REQUIRED WORK:
Before copying, remove every picture, and then repeat all entries below precisely as written.

Records from a data source:

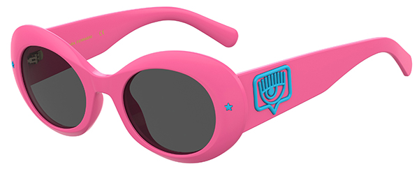 Occhiale da sole femminile dal taglio ovale in propionato di cellulosa siglato dall’iconico logo Eye-Like di Chiara Ferragni sulle aste e dalla distintiva Star in metallo sul frontale, per un feeling da vera diva. Disponibile in nero o bianco ed in esclusive cromie fluo o glitter (mod. CF 7004/S).
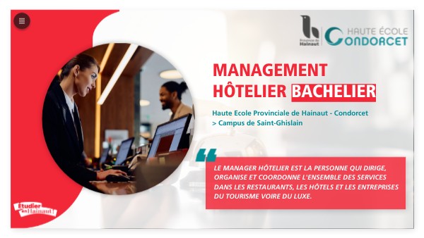 En vue d'occuper un poste managérial, les étudiant.e.s sont initié.e.s aux différents métiers & secteurs auxquels il·elle·s seront confronté.e.s dans leur fonction de gestion d'un établissement hôtelier ou de restauration.
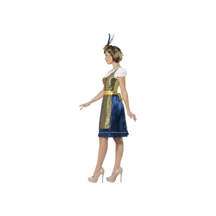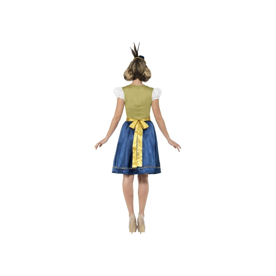 Un déguisement de style bavarois n'est jamais une mauvaise acquisition car il y a tellement d'occasions où vous pourriez le porter. La robe composant le costume est très simple, avec ses petites manches bouffantes, de couleur blanche comme tout le haut de la robe, et le bas de la robe est de couleur bleue avec des ornements dorés. Le tout est accompagné d'un tablier de couleur marron, auquel vous pouvez rajouter une ceinture pour marquer votre taille, comme le ruban jaune sur la photo. Et dans cette même optique, vous pouvez également ornementer ce déguisement avec de magnifiques accessoires disponibles dans la section accessoires du site.
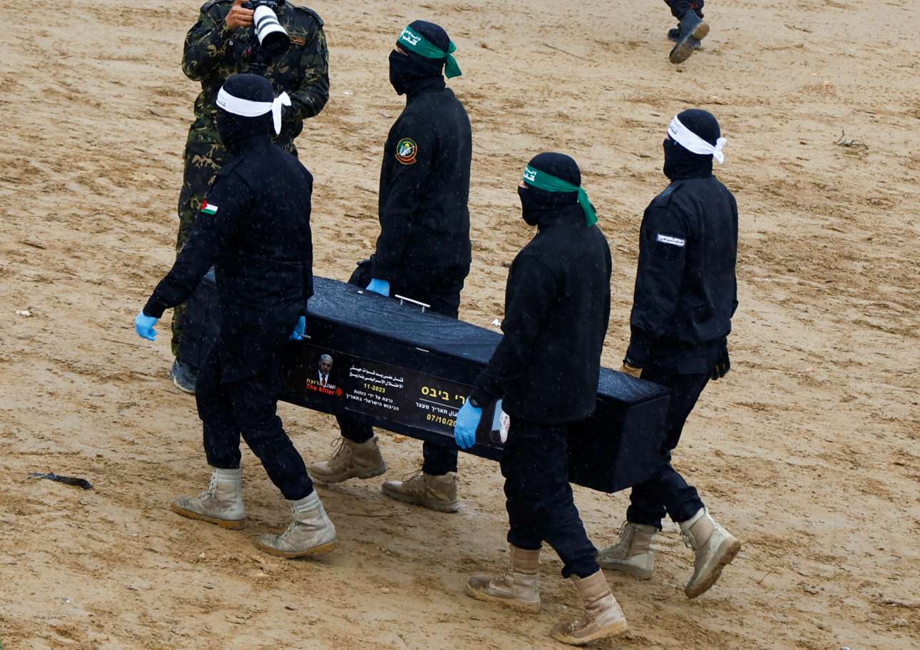 Παρουσία εκατοντάδων ενόπλων και παλαιστινίων αμάχων, η τρομοκρατική οργάνωση Χαμάς παρέδωσε στον Ερυθρό Σταυρό τα φέρετρα τεσσάρων νεκρών ομήρων, ανάμεσά τους της οικογένειας Μπίμπας, της μητέρας με τα δύο μικρά της αγόρια, το πρωί της Πέμπτης, στη Γάζα.
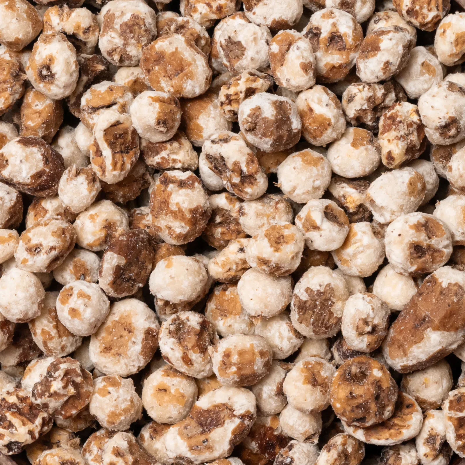 Technicky vzato tygří ořechy nejsou ořechy, ale hlízy rostliny známé pod jménem Šáchor jedlý. Ten pochází ze Středomoří a Afriky, kde se pěstuje už po tisíce let. Mimochodem tygří ořechy znali už ve starověkém Egyptě, kde patřily mezi oblíbené a vysoce ceněné potraviny. Podobně budete jistě cenit i naše tygří oříšky, protože jsou oloupané a oproti klasickým tygřím ořechům jsou tím pádem měkčí. Vynikají nasládlou chutí, která může připomínat kokos nebo mandle. Však se také tygřím oříškům někdy přezdívá zemní mandle. Zajímavostí je, že si na nich mohou pochutnat i ti z vás, které trápí alergie na ořechy.
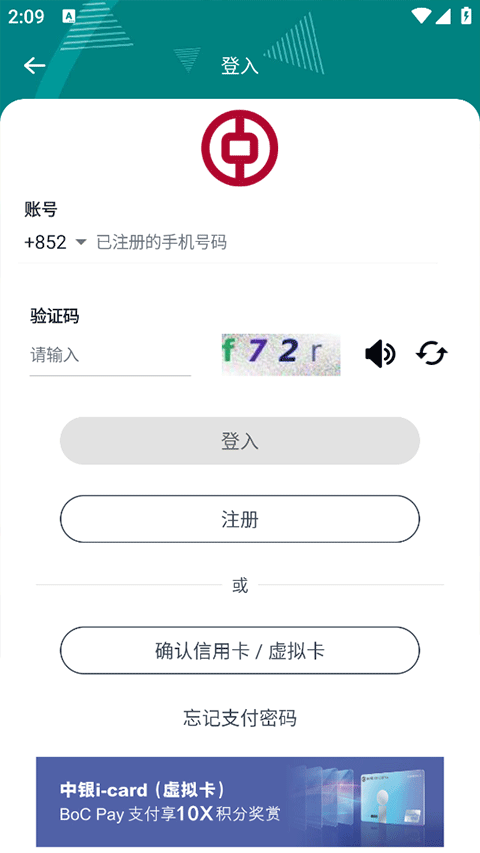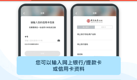 4、若您是中银香港的客户,可输入网上银行信息、提款卡资料或信用卡资料。
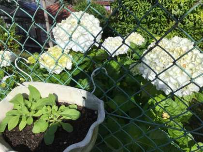 学校の土手には、真っ白な紫陽花が咲き始めました。とてもきれいです。
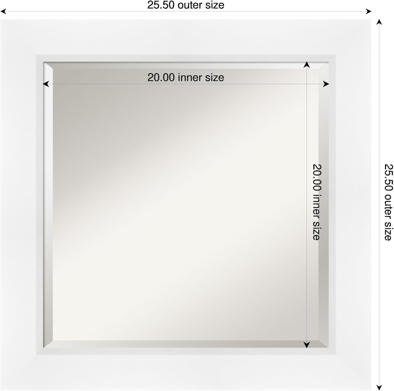 - MIRROR DETAILS: This mirror features premium glass for a clear, undistorted image and is finished with a beveled edge to give the glass a decorative touch. The overall size of this bathroom mirror measures exactly 25.5 x 25.5 inches, including the frame. Its reflective area measures 20 x 20 inches.
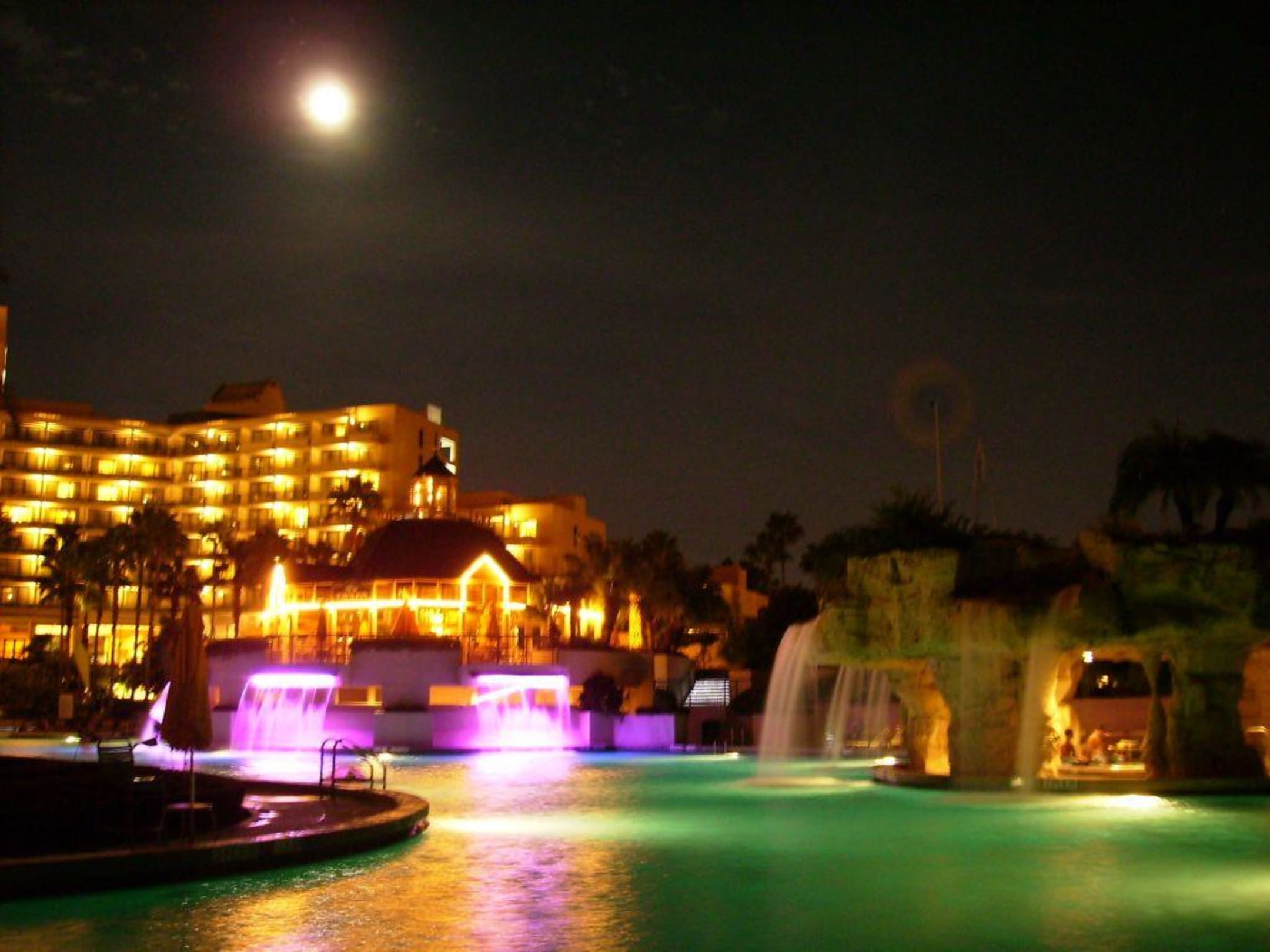 bunter Wasserfall in OrlandoWollen Sie einmal unter einem bunt beleuchten Wasserfall im Mondschein baden ? Dann sind Sie in diesem Hotel richtig: Orlando World Center Mariott. Danach genießt man ein kühles Budweiser an der Bar oder ein T-Bone-Steak im Restaurant Hawks Landing.

ANSWER FOR THIS EXERCISE:
 Occhiale da sole femminile dal taglio ovale in propionato di cellulosa siglato dall’iconico logo Eye-Like di Chiara Ferragni sulle aste e dalla distintiva Star in metallo sul frontale, per un feeling da vera diva. Disponibile in nero o bianco ed in esclusive cromie fluo o glitter (mod. CF 7004/S).
 En vue d'occuper un poste managérial, les étudiant.e.s sont initié.e.s aux différents métiers & secteurs auxquels il·elle·s seront confronté.e.s dans leur fonction de gestion d'un établissement hôtelier ou de restauration.
 Un déguisement de style bavarois n'est jamais une mauvaise acquisition car il y a tellement d'occasions où vous pourriez le porter. La robe composant le costume est très simple, avec ses petites manches bouffantes, de couleur blanche comme tout le haut de la robe, et le bas de la robe est de couleur bleue avec des ornements dorés. Le tout est accompagné d'un tablier de couleur marron, auquel vous pouvez rajouter une ceinture pour marquer votre taille, comme le ruban jaune sur la photo. Et dans cette même optique, vous pouvez également ornementer ce déguisement avec de magnifiques accessoires disponibles dans la section accessoires du site.
 Παρουσία εκατοντάδων ενόπλων και παλαιστινίων αμάχων, η τρομοκρατική οργάνωση Χαμάς παρέδωσε στον Ερυθρό Σταυρό τα φέρετρα τεσσάρων νεκρών ομήρων, ανάμεσά τους της οικογένειας Μπίμπας, της μητέρας με τα δύο μικρά της αγόρια, το πρωί της Πέμπτης, στη Γάζα.
 Technicky vzato tygří ořechy nejsou ořechy, ale hlízy rostliny známé pod jménem Šáchor jedlý. Ten pochází ze Středomoří a Afriky, kde se pěstuje už po tisíce let. Mimochodem tygří ořechy znali už ve starověkém Egyptě, kde patřily mezi oblíbené a vysoce ceněné potraviny. Podobně budete jistě cenit i naše tygří oříšky, protože jsou oloupané a oproti klasickým tygřím ořechům jsou tím pádem měkčí. Vynikají nasládlou chutí, která může připomínat kokos nebo mandle. Však se také tygřím oříškům někdy přezdívá zemní mandle. Zajímavostí je, že si na nich mohou pochutnat i ti z vás, které trápí alergie na ořechy.
 4、若您是中银香港的客户,可输入网上银行信息、提款卡资料或信用卡资料。
 学校の土手には、真っ白な紫陽花が咲き始めました。とてもきれいです。
 - MIRROR DETAILS: This mirror features premium glass for a clear, undistorted image and is finished with a beveled edge to give the glass a decorative touch. The overall size of this bathroom mirror measures exactly 25.5 x 25.5 inches, including the frame. Its reflective area measures 20 x 20 inches.
 bunter Wasserfall in OrlandoWollen Sie einmal unter einem bunt beleuchten Wasserfall im Mondschein baden ? Dann sind Sie in diesem Hotel richtig: Orlando World Center Mariott. Danach genießt man ein kühles Budweiser an der Bar oder ein T-Bone-Steak im Restaurant Hawks Landing.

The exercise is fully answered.